Exercise instructions
Although the entries contain pictures, repeat only their words, exactly as written.

BEGIN Source material

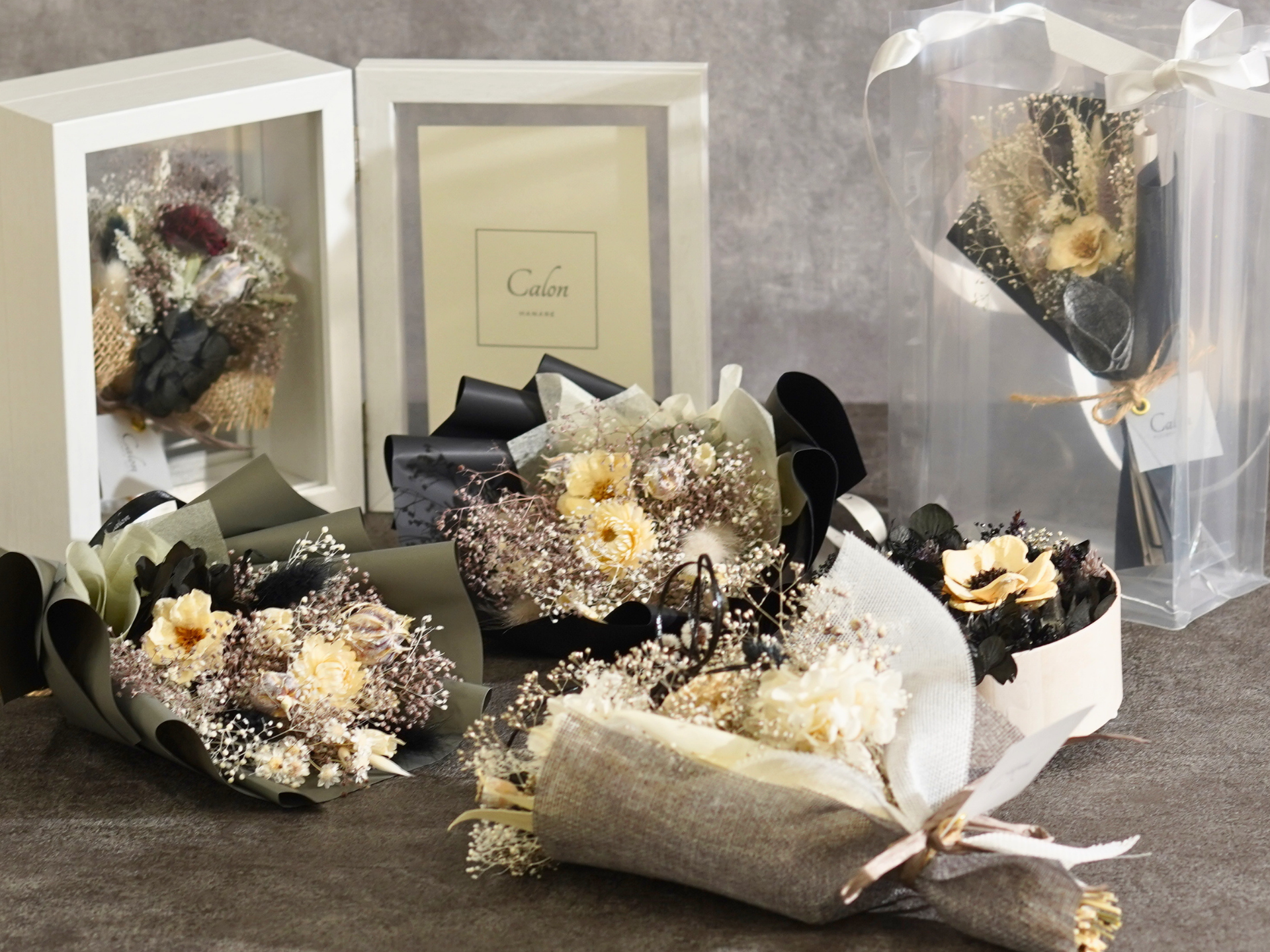 最高水準の花と熟練されたデザイナーによる、Calonにしか作ることのできないアレンジを多数販売。
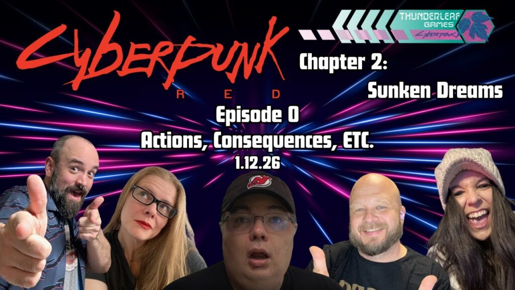 A brief recap of what happened in chapter 1 of our Cyberpunk ttrpg Actual Play campaign. There were hijinks, laughs, chaos, romance, and so much more. Last season, the Thunderleaf Games team made waves in Cyberpunk Red, wreaking havoc on…
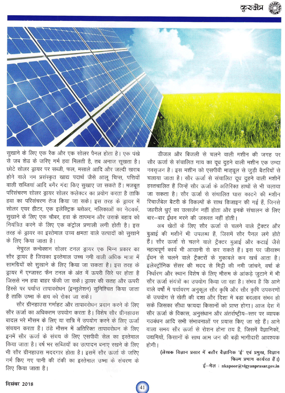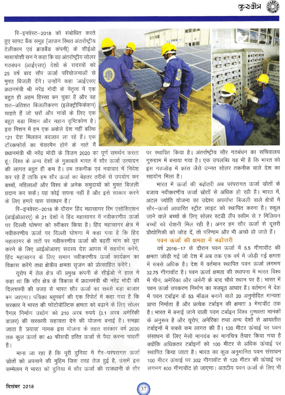 कुरुक्षेत्र : भारत रच रहा है सौर ऊर्जा के नए अध्याय (19-01-2019)
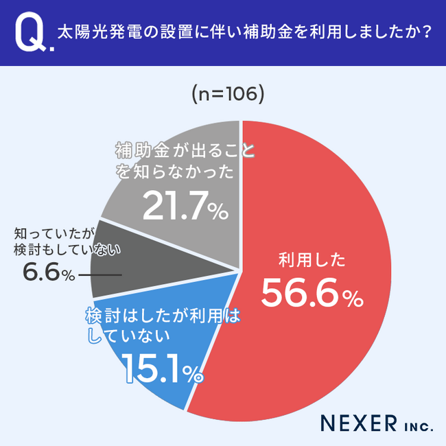 56.6%と半数以上の方が、太陽光発電の設置に伴い補助金を「利用した」と回答しています。
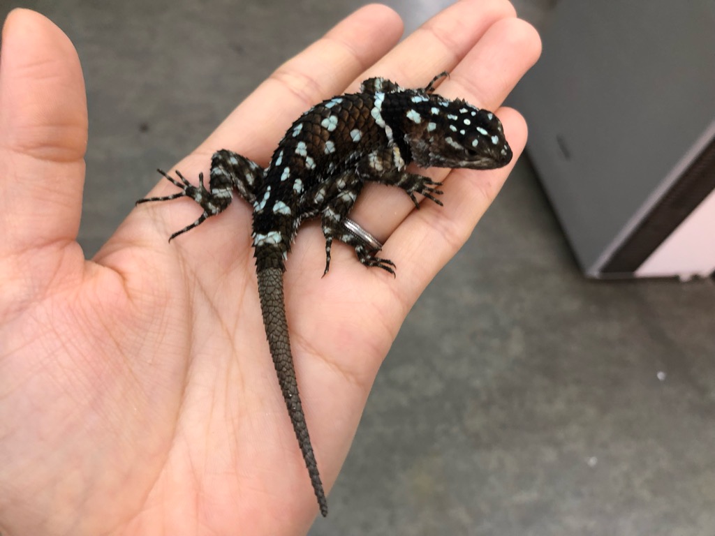 黒地に水色スポットは幼体とメスのカラー、この個体は変化前の
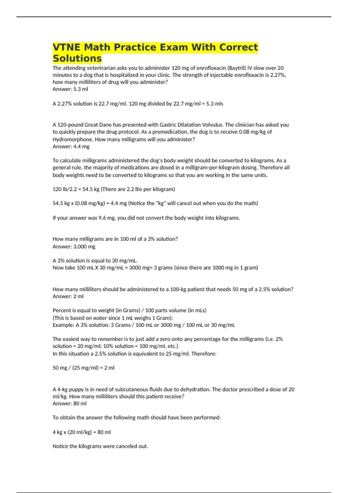 VTNE Math Practice Exam With Correct Solutions The attending veterinarian asks you to administer 120 mg of enrofloxacin (Baytril) IV slow over 20 minutes to a dog that is hospitalized in your clinic. The strength of injectable enrofloxacin is 2.27%, how many milliliters of drug will you administer? Answer: 5.3 ml A 2.27% solution is 22.7 mg/ml. 120 mg divided by 22.7 mg/ml = 5.3 mls A 120-pound Great Dane has presented with Gastric Dilatation Volvulus. The clinician has asked you to quickly prepare the drug protocol. As a premedication, the dog is to receive 0.08 mg/kg of Hydromorphone. How many milligrams will you administer? Answer: 4.4 mg To calculate milligrams administered the dog's body weight should be converted to kilograms. As a general rule, the majority of medications are dosed in a milligram-per-kilogram dosing. Therefore all body weights need to be converted to kilograms so that you are working in the same units. 120 lb/2.2 = 54.5 kg (There are 2.2 lbs per kilogram) 54.5 kg x (0.08 mg/kg) = 4.4 mg (Notice the "kg" will cancel out when you do the math) If your answer was 9.6 mg, you did not convert the body weight into kilograms. How many milligrams are in 100 ml of a 3% solution? Answer: 3,000 mg A 3% solution is equal to 30 mg/mL. Now take 100 mL X 30 mg/mL = 3000 mg= 3 grams (since there are 1000 mg in 1 gram) How many milliliters should be administered to a 100-kg patient that needs 50 mg of a 2.5% solution? Answer: 2 ml Percent is equal to weight (in Grams) / 100 parts volume (in mLs) (This is based on water since 1 mL weighs 1 Gram): Example: A 3% solution: 3 Grams / 100 mL or 3000 mg / 100 mL or 30 mg/mL The easiest way to remember is to just add a zero onto any percentage for the milligrams (i.e. 2% solution = 20 mg/ml; 10% solution = 100 mg/ml, etc.) In this situation a 2.5% solution is equivalent to 25 mg/ml. Therefore: 50 mg / (25 mg/ml) = 2 ml A 4-kg puppy is in need of subcutaneous fluids due to dehydration. The doctor prescribed a dose of 20 ml/kg. How many milliliters should this patient receive? Answer: 80 ml To obtain the answer the following math should have been performed: 4 kg x (20 ml/kg) = 80 ml Notice the kilograms were canceled out. A dog presents with a history of coughing and rapid breathing. Radiographs confirm congestive heart failure (see image). You are asked to administer 2 mg/kg of furosemide IV. The concentration of furosemide is 50 mg/mL. The dog weighs 25 pounds. How many milliliters should you administer to this patient? Answer: 0.44 mL The dog is 25 pounds. 25 pounds/2.2 pounds per kg= 11.3 kg Now multiply the dog's weight in kg by the dose you need (2mg/kg): 11kg X 2mg = 22 mg The dog needs 22 mg. Now divide this dose by the concentration of furosemide (50 mg/mL): 22mg/ 50 = 0.44 mL You are instructed to administer 12 liters of sterile isotonic IV fluids via a fluid pump over the next 24 hours. What is the appropriate fluid rate to administer this volume of IV fluids? Answer: 500 mL/hour 12 liters (12000 mLs) divided by 24 hours would equal 500 mLs/hour. A 12 pound dog comes into the clinic with a history of vomiting for the last 24 hours. The doctor asks you to give an injection of Cerenia (maropitant) at a dose of 0.45mg/lb. Cerenia has a concentration of 10mg/ml. How many milliliters will be given to the dog? Answer: 0.54 mls (12lb) X (0.45mg/lb)=5.4mg (lbs cancel) 5.4mg divided by 10mg/ml=0.54mls (the milligrams cancel) A 60-kg dog needs to be sedated with dexmedetomidine and butorphanol. The doctor would like a dose of 10 ug/kg for dexmedetomidine and 0.1 mg/kg for butorphanol. Dexmedetomidine comes in a 1 mg/ml solution, and butorphanol is in a 10 mg/ml solution. How many milliliters of each medication will need to be administered for the patient's sedation? Answer: 0.6 ml of dexmedetomidine and 0.6 ml of butorphanol For dexmedetomidine, do the following math: 60 kg x (10 ug/kg) = 600 ug Note the units and convert to work with milligrams as the solution is in milligrams per milliliter. 600 ug / (1000 mg/ug) = 0.6 mg 0.6 mg / (1 mg/ml) = 0.6 ml For butorphanol, do the following math: 60 kg x 0.1 mg/kg = 6 mg 6 mg / (10 mg/ml) = 0.6 ml A 13.2-lb cat is being sent home with an oral solution of Tramadol for post-operative pain control. At a dose of 3 mg/kg, how many milliliters should be given if the solution comes in a 5 mg/ml concentration? Answer: 3.6 ml First, convert pounds to kilograms. 13.2 / (2.2 lb/kg) = 6 kg Then calculate milligrams necessary. 6 kg x 3 mg/ml = 18 mg Finally, calculate milliliters necessary. 18 mg / (5 mg/ml) = 3.6 ml A 60-lb patient is to go home on Clavamox after his dental cleaning. The dose is 14 mg/kg. What size tablet should the patient be sent home with? Answer: 375 mg After converting the body weight to kilograms the dose needs to be multiplied by the body weight. 60 lb / (2.2 lb/kg) = 27 kg (Notice the pounds cancel out) 27 kg x 14= 378 mg Many medications are available in different concentrations to accommodate different sized patients. This is particularly the case with oral medications so that owners don't have to worry about trying to halve or quarter medications. A 20-kg patient is currently receiving 52 ml/hr of Lactated Ringer's Solution. The clinician has requested that 2 mg/kg/day of metoclopramide be added to the bag. Metoclopramide is available as a 5 mg/ml solution. How many milliliters do you need to add to a 1 liter bag? Answer: 6.5 ml This is definitely a more complicated calculation question, but when broken down it is not insurmountable. A 20-kg patient will need 40 mg/day of metoclopramide (20 kg x 2 mg/kg/day) Since the fluid is being administered at an hourly rate, we need to figure out how much metoclopramide we are administering per hour. 40 mg/day / (24 hr) = 1.7 mg/hr To determine how much volume of metoclopramide is needed, the following math is performed: 1.7 mg/hr / (52 ml/hr) x (1000 ml)= 32.6 mg (Notice how the units cancel out.) 32.6 mg / (5 mg/ml) = 6.5 ml A 10 kg Miniat
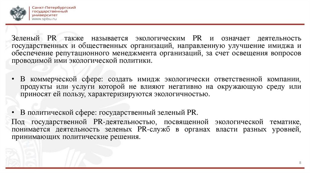 Зеленый PR также называется экологическим PR и означает деятельностьгосударственных и общественных организаций, направленную улучшение имиджа и
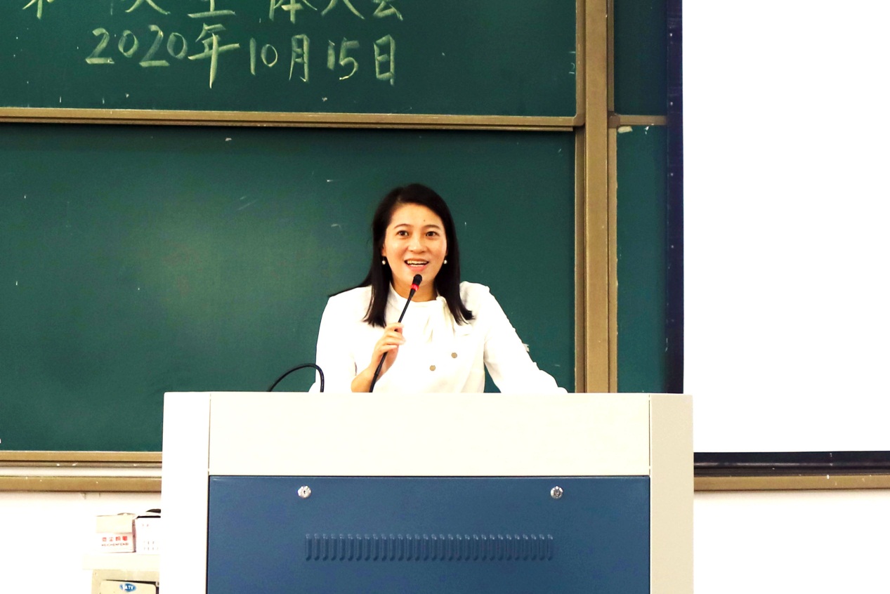 最后,鲍婷婷对新加入的全体干事表达热烈祝贺与殷切期望。她强调,共青团是党领导下的政治组织,政治性是共青团工作的灵魂。新时代要有新使命,新征程需有新作为,作为当代老员工,要不忘初心、牢记使命,要坚定不移听党话、跟党走,成为党的优良后备军;同时,她以“忠诚、奉献、进取、合作”为主题,详细诠释了内涵的精神特质对于个人成长成才的意义,勉励同学们在今后的老员工活中,脚踏实地、积极进取,做到学习工作两不误,学习工作两促进。
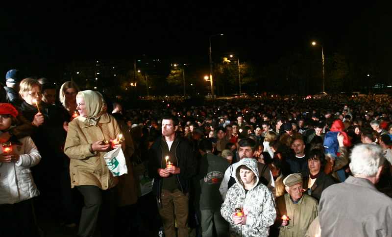 Credinciosi participa la slujba de Inviere, cu ocazia Pastelui ortodox, la Biserica Sf. Vineri din Bucuresti, duminica, 19 aprilie 2009. Andreea Alexandru
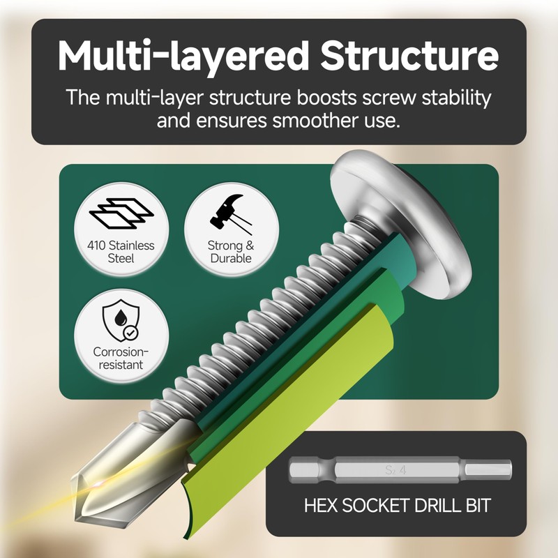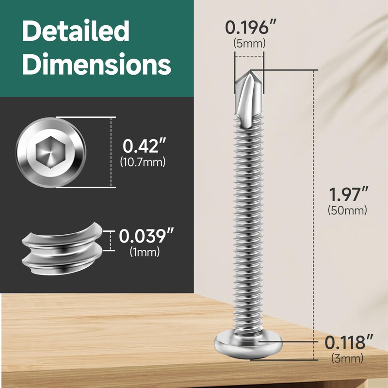 - Value Pack & Easy to Install – Includes 100 stainless steel self-tapping screws with Allen socket drive. Self-drilling design reduces slippage and ensures fast, smooth installation. Perfect for metal, wood, or plastic in home, office, or workshop use. Works as self-tapping screws, self-drilling screws, or metal screws — ideal for all your fastening needs.
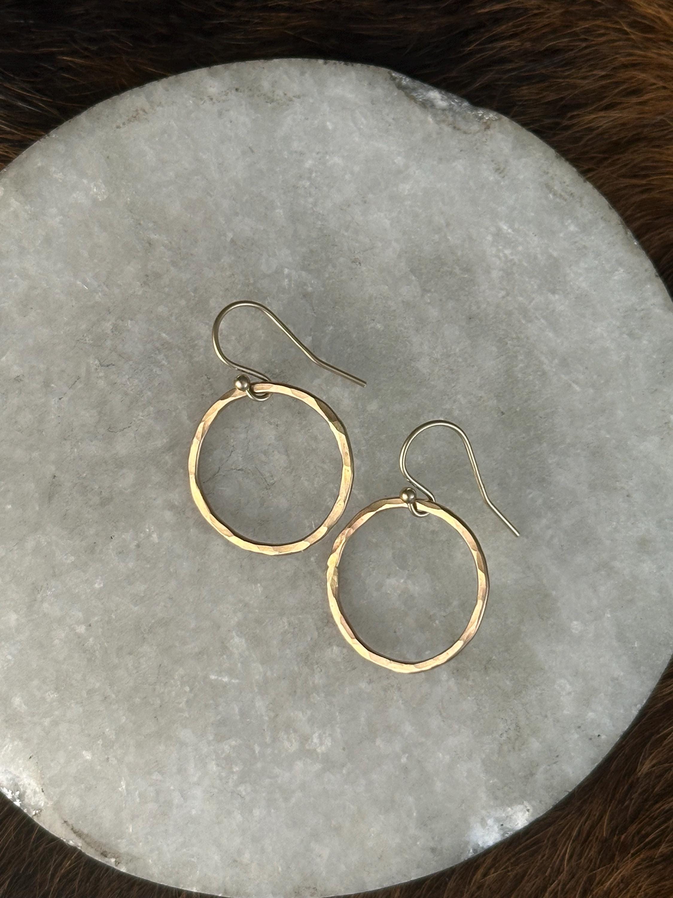 These earrings are made of 18 gauge wire, Gold fill wire and lightly forged with a brushed finish.

END Source material

Response box
 最高水準の花と熟練されたデザイナーによる、Calonにしか作ることのできないアレンジを多数販売。
 A brief recap of what happened in chapter 1 of our Cyberpunk ttrpg Actual Play campaign. There were hijinks, laughs, chaos, romance, and so much more. Last season, the Thunderleaf Games team made waves in Cyberpunk Red, wreaking havoc on…
 कुरुक्षेत्र : भारत रच रहा है सौर ऊर्जा के नए अध्याय (19-01-2019)
 56.6%と半数以上の方が、太陽光発電の設置に伴い補助金を「利用した」と回答しています。
 黒地に水色スポットは幼体とメスのカラー、この個体は変化前の
 VTNE Math Practice Exam With Correct Solutions The attending veterinarian asks you to administer 120 mg of enrofloxacin (Baytril) IV slow over 20 minutes to a dog that is hospitalized in your clinic. The strength of injectable enrofloxacin is 2.27%, how many milliliters of drug will you administer? Answer: 5.3 ml A 2.27% solution is 22.7 mg/ml. 120 mg divided by 22.7 mg/ml = 5.3 mls A 120-pound Great Dane has presented with Gastric Dilatation Volvulus. The clinician has asked you to quickly prepare the drug protocol. As a premedication, the dog is to receive 0.08 mg/kg of Hydromorphone. How many milligrams will you administer? Answer: 4.4 mg To calculate milligrams administered the dog's body weight should be converted to kilograms. As a general rule, the majority of medications are dosed in a milligram-per-kilogram dosing. Therefore all body weights need to be converted to kilograms so that you are working in the same units. 120 lb/2.2 = 54.5 kg (There are 2.2 lbs per kilogram) 54.5 kg x (0.08 mg/kg) = 4.4 mg (Notice the "kg" will cancel out when you do the math) If your answer was 9.6 mg, you did not convert the body weight into kilograms. How many milligrams are in 100 ml of a 3% solution? Answer: 3,000 mg A 3% solution is equal to 30 mg/mL. Now take 100 mL X 30 mg/mL = 3000 mg= 3 grams (since there are 1000 mg in 1 gram) How many milliliters should be administered to a 100-kg patient that needs 50 mg of a 2.5% solution? Answer: 2 ml Percent is equal to weight (in Grams) / 100 parts volume (in mLs) (This is based on water since 1 mL weighs 1 Gram): Example: A 3% solution: 3 Grams / 100 mL or 3000 mg / 100 mL or 30 mg/mL The easiest way to remember is to just add a zero onto any percentage for the milligrams (i.e. 2% solution = 20 mg/ml; 10% solution = 100 mg/ml, etc.) In this situation a 2.5% solution is equivalent to 25 mg/ml. Therefore: 50 mg / (25 mg/ml) = 2 ml A 4-kg puppy is in need of subcutaneous fluids due to dehydration. The doctor prescribed a dose of 20 ml/kg. How many milliliters should this patient receive? Answer: 80 ml To obtain the answer the following math should have been performed: 4 kg x (20 ml/kg) = 80 ml Notice the kilograms were canceled out. A dog presents with a history of coughing and rapid breathing. Radiographs confirm congestive heart failure (see image). You are asked to administer 2 mg/kg of furosemide IV. The concentration of furosemide is 50 mg/mL. The dog weighs 25 pounds. How many milliliters should you administer to this patient? Answer: 0.44 mL The dog is 25 pounds. 25 pounds/2.2 pounds per kg= 11.3 kg Now multiply the dog's weight in kg by the dose you need (2mg/kg): 11kg X 2mg = 22 mg The dog needs 22 mg. Now divide this dose by the concentration of furosemide (50 mg/mL): 22mg/ 50 = 0.44 mL You are instructed to administer 12 liters of sterile isotonic IV fluids via a fluid pump over the next 24 hours. What is the appropriate fluid rate to administer this volume of IV fluids? Answer: 500 mL/hour 12 liters (12000 mLs) divided by 24 hours would equal 500 mLs/hour. A 12 pound dog comes into the clinic with a history of vomiting for the last 24 hours. The doctor asks you to give an injection of Cerenia (maropitant) at a dose of 0.45mg/lb. Cerenia has a concentration of 10mg/ml. How many milliliters will be given to the dog? Answer: 0.54 mls (12lb) X (0.45mg/lb)=5.4mg (lbs cancel) 5.4mg divided by 10mg/ml=0.54mls (the milligrams cancel) A 60-kg dog needs to be sedated with dexmedetomidine and butorphanol. The doctor would like a dose of 10 ug/kg for dexmedetomidine and 0.1 mg/kg for butorphanol. Dexmedetomidine comes in a 1 mg/ml solution, and butorphanol is in a 10 mg/ml solution. How many milliliters of each medication will need to be administered for the patient's sedation? Answer: 0.6 ml of dexmedetomidine and 0.6 ml of butorphanol For dexmedetomidine, do the following math: 60 kg x (10 ug/kg) = 600 ug Note the units and convert to work with milligrams as the solution is in milligrams per milliliter. 600 ug / (1000 mg/ug) = 0.6 mg 0.6 mg / (1 mg/ml) = 0.6 ml For butorphanol, do the following math: 60 kg x 0.1 mg/kg = 6 mg 6 mg / (10 mg/ml) = 0.6 ml A 13.2-lb cat is being sent home with an oral solution of Tramadol for post-operative pain control. At a dose of 3 mg/kg, how many milliliters should be given if the solution comes in a 5 mg/ml concentration? Answer: 3.6 ml First, convert pounds to kilograms. 13.2 / (2.2 lb/kg) = 6 kg Then calculate milligrams necessary. 6 kg x 3 mg/ml = 18 mg Finally, calculate milliliters necessary. 18 mg / (5 mg/ml) = 3.6 ml A 60-lb patient is to go home on Clavamox after his dental cleaning. The dose is 14 mg/kg. What size tablet should the patient be sent home with? Answer: 375 mg After converting the body weight to kilograms the dose needs to be multiplied by the body weight. 60 lb / (2.2 lb/kg) = 27 kg (Notice the pounds cancel out) 27 kg x 14= 378 mg Many medications are available in different concentrations to accommodate different sized patients. This is particularly the case with oral medications so that owners don't have to worry about trying to halve or quarter medications. A 20-kg patient is currently receiving 52 ml/hr of Lactated Ringer's Solution. The clinician has requested that 2 mg/kg/day of metoclopramide be added to the bag. Metoclopramide is available as a 5 mg/ml solution. How many milliliters do you need to add to a 1 liter bag? Answer: 6.5 ml This is definitely a more complicated calculation question, but when broken down it is not insurmountable. A 20-kg patient will need 40 mg/day of metoclopramide (20 kg x 2 mg/kg/day) Since the fluid is being administered at an hourly rate, we need to figure out how much metoclopramide we are administering per hour. 40 mg/day / (24 hr) = 1.7 mg/hr To determine how much volume of metoclopramide is needed, the following math is performed: 1.7 mg/hr / (52 ml/hr) x (1000 ml)= 32.6 mg (Notice how the units cancel out.) 32.6 mg / (5 mg/ml) = 6.5 ml A 10 kg Miniat
 Зеленый PR также называется экологическим PR и означает деятельностьгосударственных и общественных организаций, направленную улучшение имиджа и
 最后,鲍婷婷对新加入的全体干事表达热烈祝贺与殷切期望。她强调,共青团是党领导下的政治组织,政治性是共青团工作的灵魂。新时代要有新使命,新征程需有新作为,作为当代老员工,要不忘初心、牢记使命,要坚定不移听党话、跟党走,成为党的优良后备军;同时,她以“忠诚、奉献、进取、合作”为主题,详细诠释了内涵的精神特质对于个人成长成才的意义,勉励同学们在今后的老员工活中,脚踏实地、积极进取,做到学习工作两不误,学习工作两促进。
 Credinciosi participa la slujba de Inviere, cu ocazia Pastelui ortodox, la Biserica Sf. Vineri din Bucuresti, duminica, 19 aprilie 2009. Andreea Alexandru
 - Value Pack & Easy to Install – Includes 100 stainless steel self-tapping screws with Allen socket drive. Self-drilling design reduces slippage and ensures fast, smooth installation. Perfect for metal, wood, or plastic in home, office, or workshop use. Works as self-tapping screws, self-drilling screws, or metal screws — ideal for all your fastening needs.
 These earrings are made of 18 gauge wire, Gold fill wire and lightly forged with a brushed finish.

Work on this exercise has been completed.